Acta Otolaryngol. 1999;119(5):528-36. doi: 10.1080/00016489950180748.
The aim of this study was to evaluate the pathological significance of antibodies against cornea and inner ear tissue in the development of audiovestibular and ocular symptoms in patients with Cogan's syndrome (CS). We analysed the serum of 5 CS patients for binding of IgM and IgG to fresh cryosections of rat labyrinth (semicircular canals, ampulla, utricle, saccule) and cornea by indirect immunofluorescence (IF). The predominant pattern of anti-corneal IgM was staining of the superficial cell layer of the non-keratinizing squamous epithelium. IgM against cornea was found in 3 patients, all of whom had bilateral inflammatory eye signs at the start of the disease. However, IgM was also detected in the chronic stage of the disease when no clinical signs of eye involvement were apparent. The study includes the first follow-up examination of anti-corneal IgM and IgG antibodies during a complete episode of active CS. During the first episode of CS in 1 patient, anti-corneal IgM became detectable 1 week after the onset of interstitial keratitis and 3 weeks after the onset of audiovestibular symptoms. It increased over several weeks and then fell to very low levels. However, at no time was anti-corneal IgG found. In the course of follow-up examinations, the serum of 4 patients intermittently contained low titre IgG antibodies against inner ear labyrinthine tissue, but without any clear correlation with the active stages of CS. In addition, high-resolution MRI (HR-MRI) of the inner ear was performed in the acute and chronic stages of CS to evaluate the activity of CS. In the acute stage, HR-MRI revealed abnormal MRI signals in the vestibule, semicircular canals, vestibular nerve, or cochlea. In the chronic stage, patients showed narrowing or occlusion of semicircular canals and the cochlea on the 3D-CISS images, but no high signal lesions (T1) and no enhancement. Antibodies against cornea or labyrinthine tissue were not consistently detected in CS and the level of organ-specific antibodies did not correlate with the activity of the disease.

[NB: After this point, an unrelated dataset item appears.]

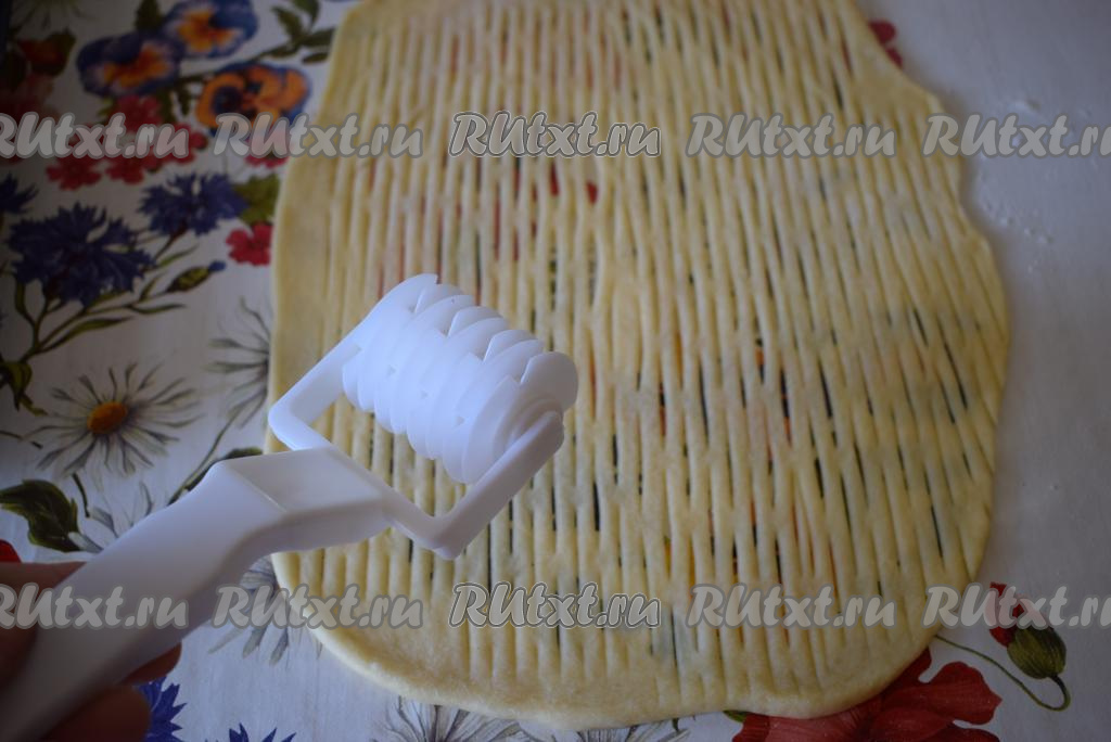 Далее оформляем верх пирога, для этого можно раскатать меньшую часть теста, нарезать жгутики и выложить сверху, образуя решетку, а можно воспользоваться специальным роликом для сеточки (как на фото).

本研究的目的是评估抗角膜和内耳组织抗体在柯根综合征(CS)患者听觉前庭和眼部症状发展中的病理意义。我们通过间接免疫荧光法(IF)分析了5例CS患者血清中IgM和IgG与大鼠迷路(半规管、壶腹、椭圆囊、球囊)和角膜新鲜冰冻切片的结合情况。抗角膜IgM的主要模式是非角化鳞状上皮浅层细胞层染色。3例患者检测到抗角膜IgM,所有患者在疾病开始时均有双侧眼部炎症体征。然而,在疾病的慢性期也检测到了IgM,此时眼部受累的临床体征并不明显。该研究包括在活动性CS的整个病程中首次对抗角膜IgM和IgG抗体进行随访检查。在1例患者的CS首次发作期间,抗角膜IgM在间质性角膜炎发作1周后和听觉前庭症状发作3周后可检测到。它在数周内升高,然后降至非常低的水平。然而,未发现抗角膜IgG。在随访检查过程中,4例患者的血清间歇性地含有低滴度抗内耳迷路组织IgG抗体,但与CS的活动阶段无明显相关性。此外,在CS的急性期和慢性期对内耳进行了高分辨率MRI(HR-MRI)检查,以评估CS的活动情况。在急性期,HR-MRI显示前庭、半规管、前庭神经或耳蜗的MRI信号异常。在慢性期,患者在3D-CISS图像上显示半规管和耳蜗变窄或闭塞,但无高信号病变(T1)且无强化。CS患者中并非始终能检测到抗角膜或迷路组织抗体,器官特异性抗体水平与疾病活动度无关。